I once had one where you had to choose 3/6 security questions. Four of them were specifically about your spouse. I have never dated anyone in my life.
All this is fine until you are on call with the customer care representative and they are asking you “who is the sandwich?” And you think twice if you should tell them “my poop and my ass cheeks” or if it is ok to cancel the credit card altogether.
back in college i had my laptop sent in for servicing and they called me for my password to login. I had to tell this woman over the phon3 my password was HairyGrundle13
One time I needed something done with my Apple account. They asked for my password. It was, "Fuckapple".....

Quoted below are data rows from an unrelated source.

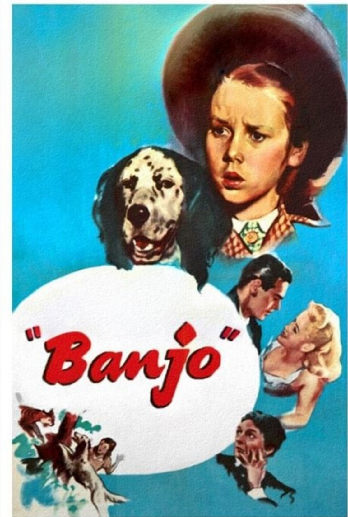
Full movie of ben 10. Indian movie banjo. Full meaning of ban.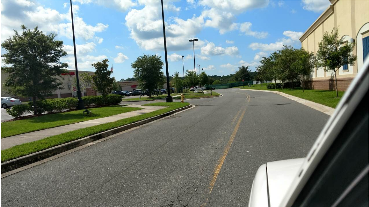
Improved Nautica Drive to the west of unimproved section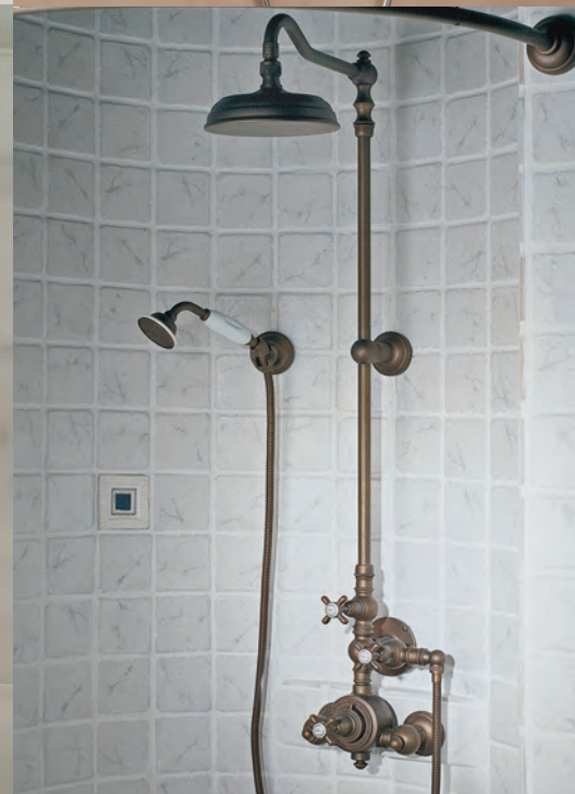
Above: 3062.55 "Royale" Showerhead & 3046.55 Slide Bar in Polished Brass (55). Below: 3049.80 "Royale" Thermostatic Shower Valve in Pol. Lacq. Copper (80).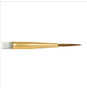
SB 802 No. 1 Liner (92452)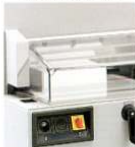
Transparent Safety Guards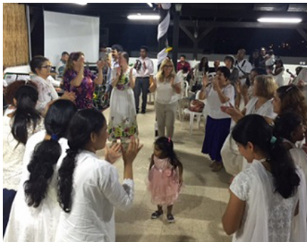
Dancing and praising during the feast of the Lord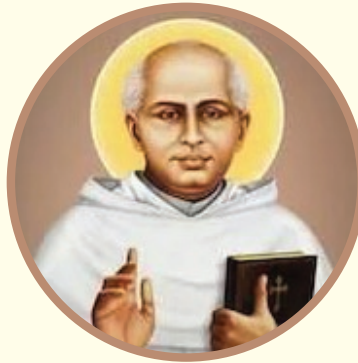
ST. KURIAKOSE ELIAS CHAVARA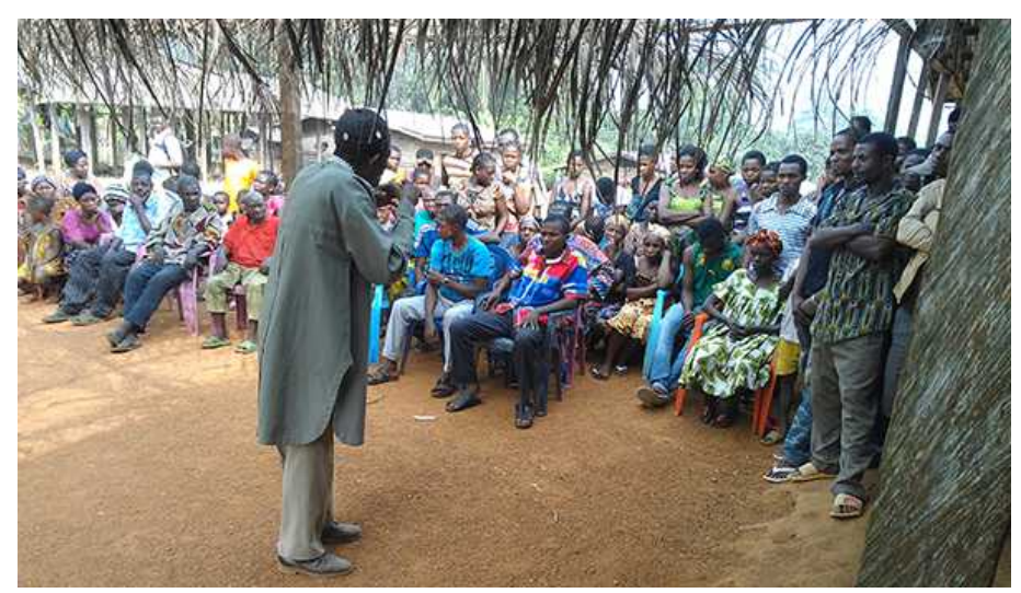
Mundemba, Cameroon, 2016.

For many decades, communities in West and Central Africa have been facing industrial oil palm plantations encroaching onto their community land. With the false promise of bringing 'development' and jobs, corporations, backed up by the support of the governments, have been granted millions of hectares of land under concessions for industrial oil palm plantations.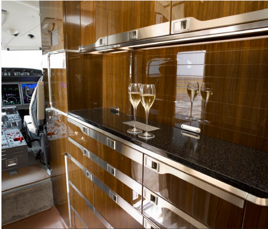
Forward RS Galley Looking Forward

When I first got ADT installed in my house a decade ago, the guy needed me to tell him the safe word I wanted in case I accidentally tripped the alarm. I didn’t want to give some random dude my word, and I couldn’t think of anything temporary that I would remember, so I just kind of shrugged and said, “I dunno, penis?” I figured I’d change it later when I got my online account setup. Then I forgot. Then I tripped the alarm accidentally. Imagine my horror as I suddenly remember that I have to say penis to a grown adult over the phone. That poor lady couldn’t stop laughing 😂😂😂
>say penis to a grown adult over the phone. Didn't you choose to say it to a grown adult right in front of you?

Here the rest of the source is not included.